Items listed in a dataset
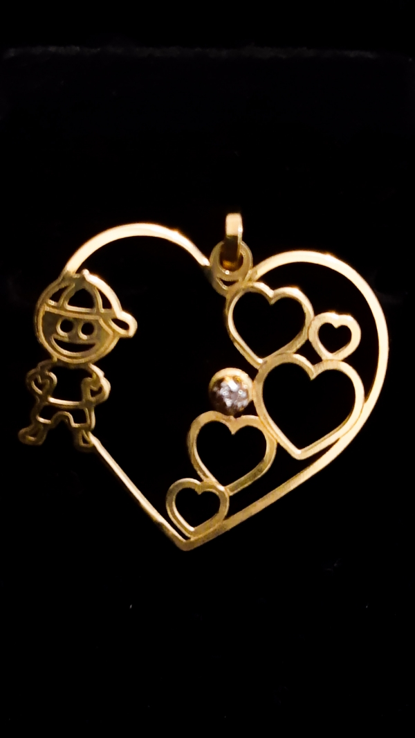 Pingente 18K, menino e coração com zircônia
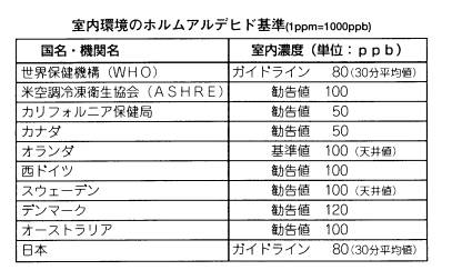 | ホルムアルデヒド | 100μg/m3(0.08ppm) | 合板,壁紙,建材用接着剤,壁紙の接着剤 | 発ガン性,発ガン促進作用,アトピー,ぜん息,アレルギー |
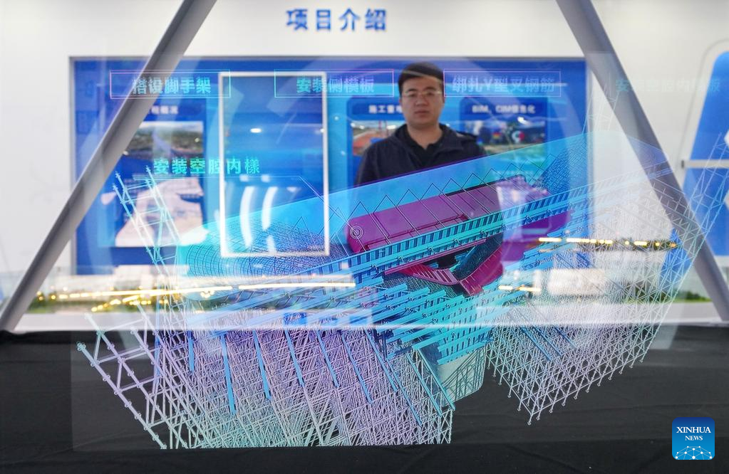 A staff member uses holographic projection to display a project in Xiong'an New Area, north China's Hebei Province, March 20, 2023. Located about 100 km southwest of Beijing, the Xiong'an New Area has been designed as a major recipient of functions previously located in Beijing but which are not essential to its role as China's capital. (Xinhua/Mu Yu)
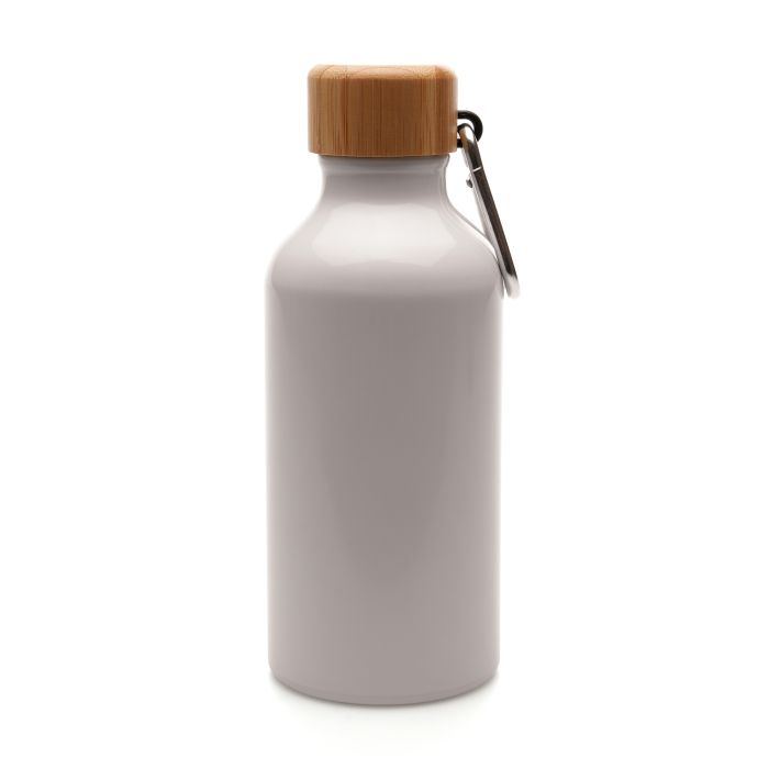 'Berkeley' WHITE 400ml Aluminium Sports Bottle with bamboo lid & carabineer
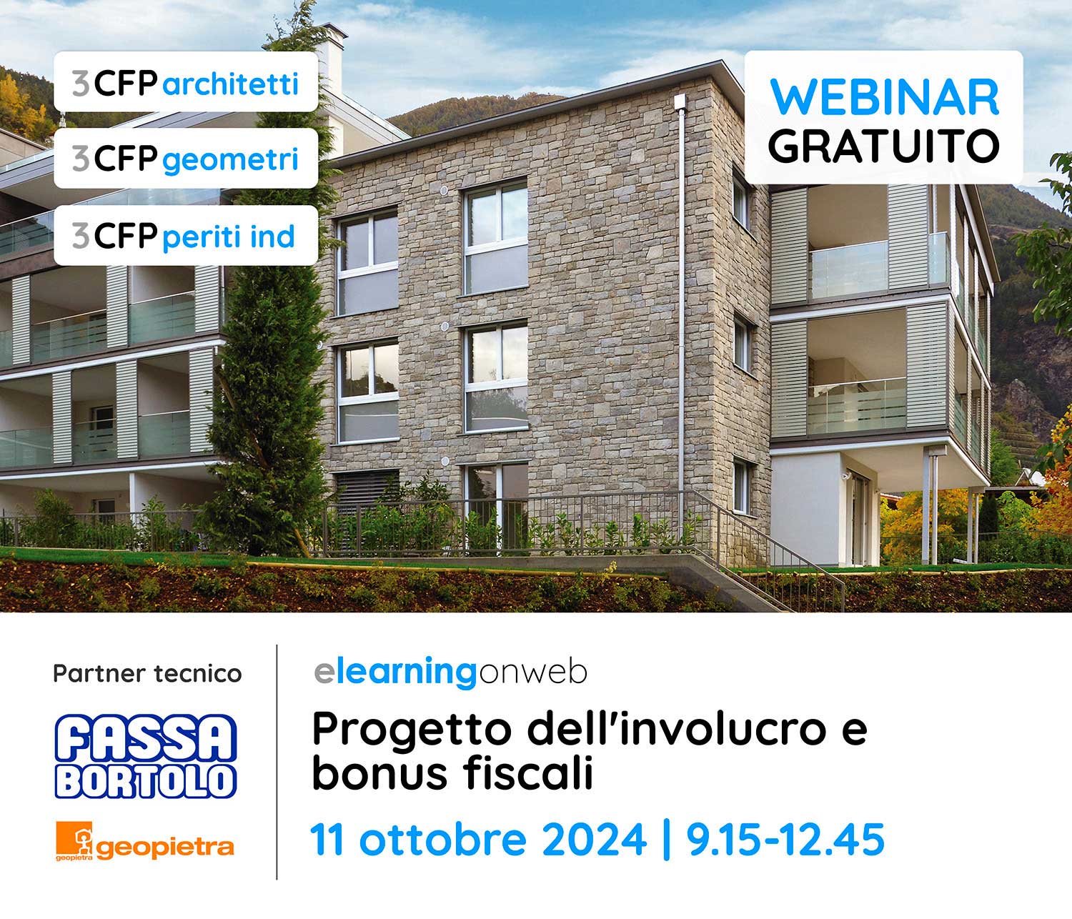 Il webinar tratterà il tema "Progetto dell'involucro e bonus fiscali" sono previsti  3 CFP per architetti, geometri e periti industriali.
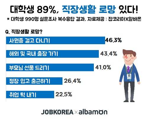 잡코리아와 알바몬은 설문조사를 통해 대학생들의 직장생활 로망에 대해 복수응답으로 조사한 결과 '사원증 걸고 다니기(46.3%)'와 '해외 및 국내 출장 가기(43.4%)'가 각각 1·2위로 선정됐다.
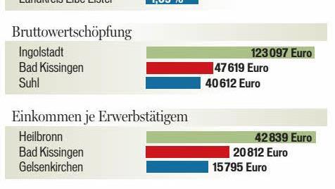 Das Landkreis-Ranking kommt hier zu einem anderen Ergebnis: Unter 90 bayerischen Kreisen und kreisfreien Städten liegen nur der Landkreis Schweinfurt (Platz 26 in Bayern, 51 bundesweit) und die Stadt Würzburg (28/62) in die erste Hälfte. Die Stadt Schweinfurt findet sich gar erst auf Platz 83 (bundesweit 286) wieder.
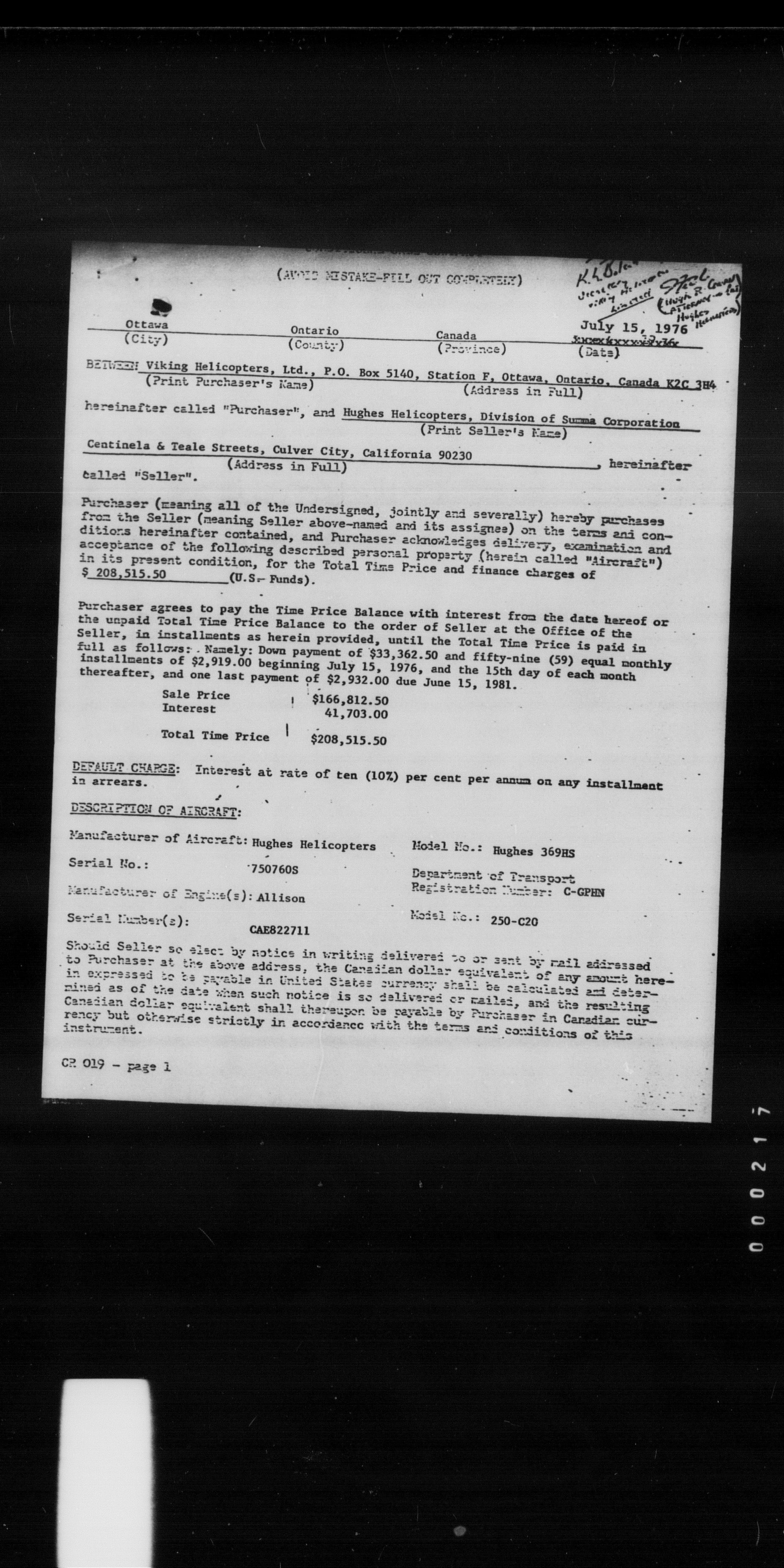 Department of Transport : Civil aircraft registration, inspection and operation files, block 5008, 1920-1986 - 8487

Exercise aim:
Write out nothing but the lines from the start of the data through the line with "A staff member". Leave out the pictures.

Task response:
 Pingente 18K, menino e coração com zircônia
 | ホルムアルデヒド | 100μg/m3(0.08ppm) | 合板,壁紙,建材用接着剤,壁紙の接着剤 | 発ガン性,発ガン促進作用,アトピー,ぜん息,アレルギー |
 A staff member uses holographic projection to display a project in Xiong'an New Area, north China's Hebei Province, March 20, 2023. Located about 100 km southwest of Beijing, the Xiong'an New Area has been designed as a major recipient of functions previously located in Beijing but which are not essential to its role as China's capital. (Xinhua/Mu Yu)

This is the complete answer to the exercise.